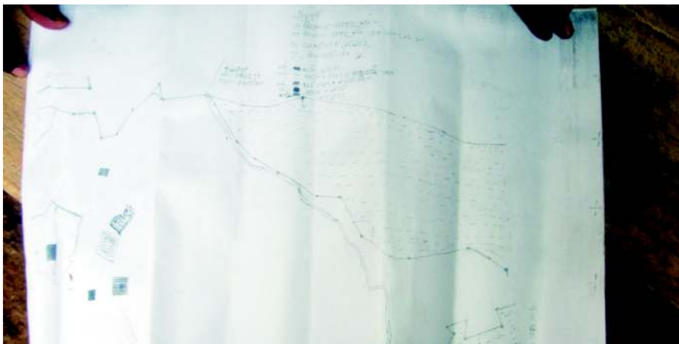
Figure 12 One of the 7 sheets of map of community forest resource of Chaingada village, Ranchi which has claimed CFRs but recognition is pending (Ambika Tenneti)
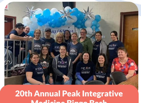
20th Annual Peak Integrative Medicine Bingo Bash
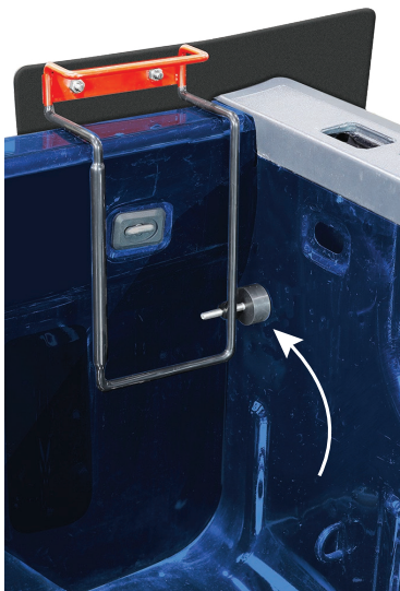
Adjustable knob keeps pads parallel to truck bed sides
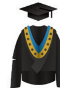
Master of Business Administration
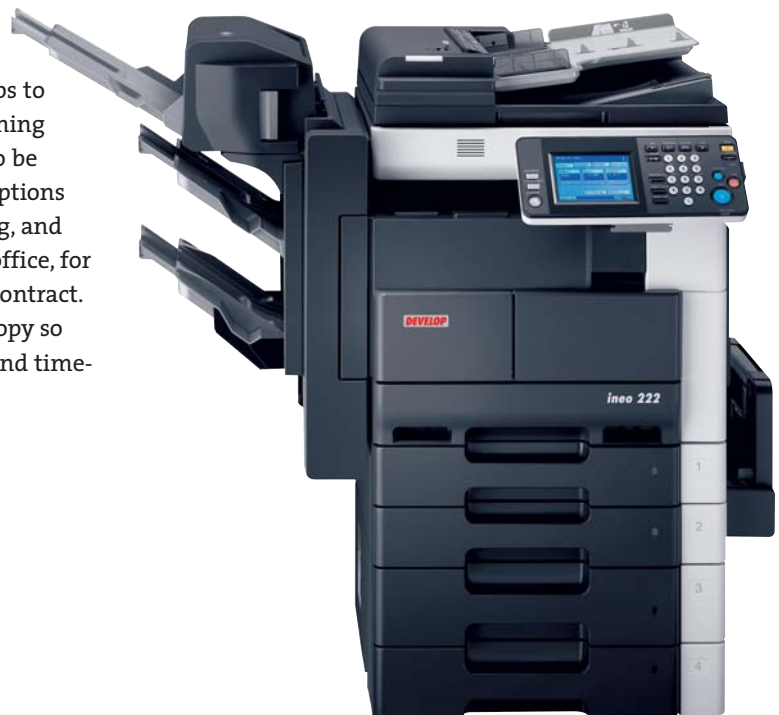
ineo 222 with embedded finisher (FS-530), saddle stitch unit (SD-507), paper cassette (PC-206) and document feeder (DF-620)

The ineo 222 not only prints and copies to professional standards, it also offers a wide range of useful scanning functions such as scan to e-mail, which allows scanned documents to be sent direct to a recipient's e-mail address. Users can also scan to and print in and out of an optional password-protected box, which gives every user individual storage space on the system's hard disk. Documents, for example, can be stored in that box ready for reprinting – a convenient feature that means there is no need to reopen the document on a PC.

= = = =

DESCRIPTION OF THE TASK:
If the data includes images, skip them and copy every line exactly.

RESPONSE TO THE EXERCISE:
Figure 12 One of the 7 sheets of map of community forest resource of Chaingada village, Ranchi which has claimed CFRs but recognition is pending (Ambika Tenneti)
20th Annual Peak Integrative Medicine Bingo Bash
Adjustable knob keeps pads parallel to truck bed sides
Master of Business Administration
ineo 222 with embedded finisher (FS-530), saddle stitch unit (SD-507), paper cassette (PC-206) and document feeder (DF-620)

The ineo 222 not only prints and copies to professional standards, it also offers a wide range of useful scanning functions such as scan to e-mail, which allows scanned documents to be sent direct to a recipient's e-mail address. Users can also scan to and print in and out of an optional password-protected box, which gives every user individual storage space on the system's hard disk. Documents, for example, can be stored in that box ready for reprinting – a convenient feature that means there is no need to reopen the document on a PC.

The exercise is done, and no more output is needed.